WELLINGTON – German Chancellor Angela Merkel said Friday that people have a duty to get vaccinated against the coronavirus to protect others.

She spoke as Germany grapples with a new surge of infections, which reached a record daily high of 50,000 on Thursday.

Merkel talked for 30 minutes with New Zealand Prime Minister Jacinda Ardern in a free-ranging virtual discussion on the sidelines of the annual Asia-Pacific Economic Cooperation forum.

New Zealand is hosting APEC and although Germany is not a member, Ardern said she's long admired Merkel, who will soon leave office.

“This virus is very, very tough,” Merkel said.

She said it was an enormous scientific achievement to produce vaccines within a year of the outbreak, but that officials still weren't reaching a group of unvaccinated people.

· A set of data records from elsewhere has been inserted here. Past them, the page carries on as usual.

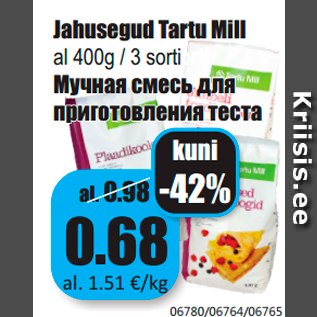 Период кампании: 08.05.2016 - 15.05.2016 Цена: 0.68€ Мучная смесь для приготовления тестаal 400g / 3 so Jahusegud Tartu Mill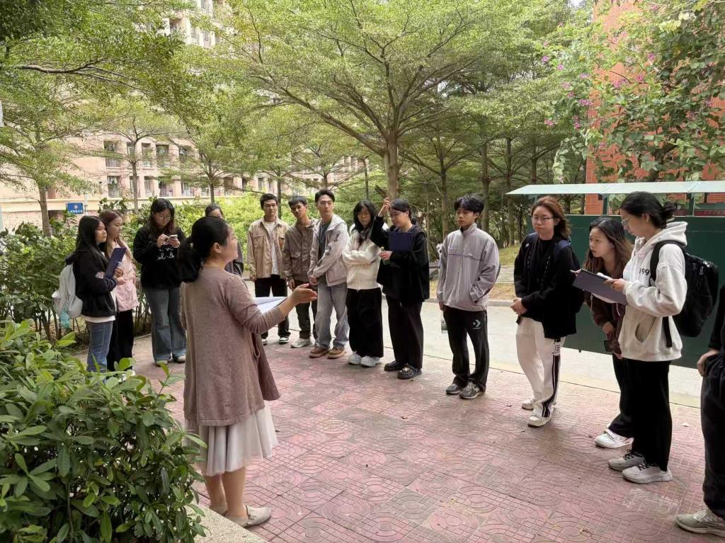 实践当天上午,各组从东区集合出发,前往负责区域开展模拟接待与讲解。讲解现场,同学们化身专业导览员,以饱满的热情、流畅的表达介绍校园亮点。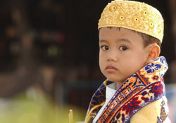 人口:2.17億(2004年),是世界第四人口大國(guó),有100多個(gè)民族。其中爪哇族占45%,巽他族占14%,馬都拉族7.5%,馬來(lái)族7.5%,其他26%。官方語(yǔ)言為印度尼西亞語(yǔ)。民族語(yǔ)言和方言約300種。約87%的居民信奉伊斯蘭教,是世界上穆斯林人口最多的國(guó)家,6. 1%的人口信奉基督教新教,3. 6%信奉天主教,其余信奉印度教、佛教和原始拜物教等。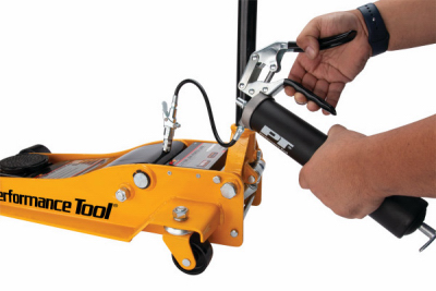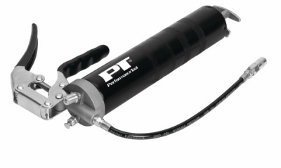 Heavy-duty pistol grip grease gun featuring a vented zinc die cast head and a positive lock pull rod. Compatible with standard 14 oz. cartridges or bulk.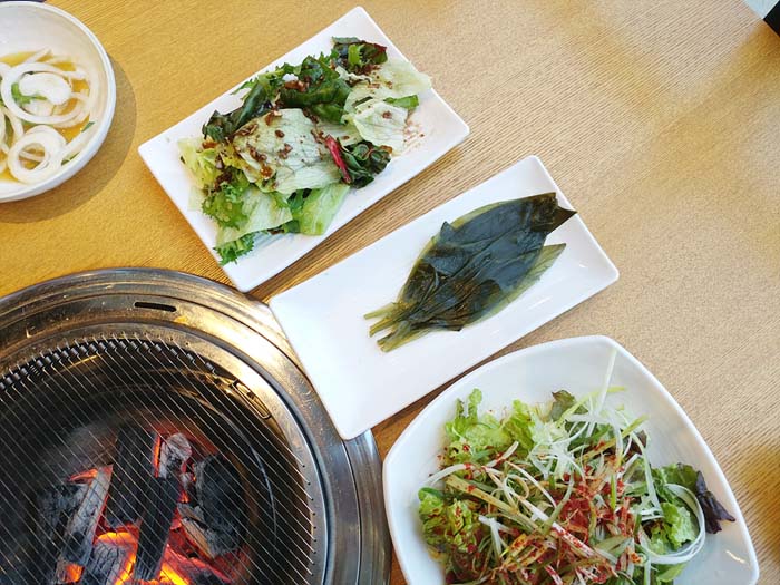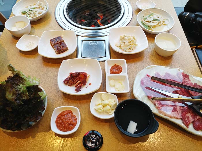 숯과 불판이 세팅되고 밑반찬이 나왔어요...동침, 마늘, 쌈장, 상추, 양념게장, 양파, 도토리묵, 샐러드 등이 나왔어요...그리고 고기를 잘 구울 수 있게 집게와 가위도 준비되었습니다... 한우 고기를 자를때 가위 성능이 좋아야 하는데요....횡성한우 실마리는 가위도 잘 잘려서 좋았어요..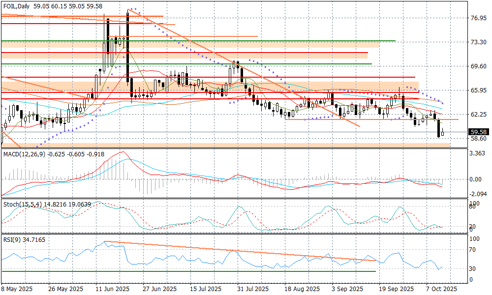 Rynek ropy nieco dzisiaj odreagowuje ostatni spadek, który był wywołany perspektywami uspokojenia się sytuacji na Bliskim Wschodzie - wojna w Strefie Gazy została zakończona - oraz ucieczką inwestorów od ryzykownych aktywów w piątek. Warto jednak mieć na uwadze, że sytuacja w Strefie Gazy miałaby znaczenie dla rynku tylko wtedy, kiedy w konflikt zostałyby wciągnięte inne kraje, a ryzyko takiego scenariusza było i tak nikłe po ostatniej wojnie izraelsko-irańskiej. Tym samym większy wpływ będzie mieć kwestia rozwoju sytuacji wokół eksportu metali ziem z rzadkich z Chin i ewentualnej odpowiedzi USA, gdyż to może zwiększyć obawy o wzrost gospodarczy i tym samym zmniejszyć popyt na ropę. Perspektywy dla odbicia cen ropy są zatem nikłe.

“You have the right to get vaccinated,” Merkel said. “But, to a certain extent, you also, as a member of society, have the duty to be vaccinated to protect yourself and to protect others.”

About two-thirds of Germany's 83 million people are fully vaccinated but the nation has resisted making vaccinations mandatory for certain workers. Lawmakers are considering new measures in the face of the latest surge.

During their discussion, both Merkel and Ardern expressed their frustration in the rise of disinformation on social media.

“In the old days, we had certain events that happened in our society. Television reported about it and the next day everyone talked about it,” Merkel said. “Today, everyone participates in his or her own social media. You only engage in a bubble that you meet on the internet.”

If there was any advice she could give to future leaders, Merkel said, it would be to try to understand the perspectives of others and what prompts them to act in they way they do.

Ardern said one of the lessons she'd learned from the pandemic was to get people and companies engaged with trying to find solutions by presenting them with the data and showing them the problem. She said everybody had been learning about the virus as it spread.

“Literally, you're building the plane whilst trying to fly,” Ardern said.

The APEC forum concludes Saturday with a virtual meeting of Pacific Rim leaders, including U.S. President Joe Biden and Chinese counterpart Xi Jinping.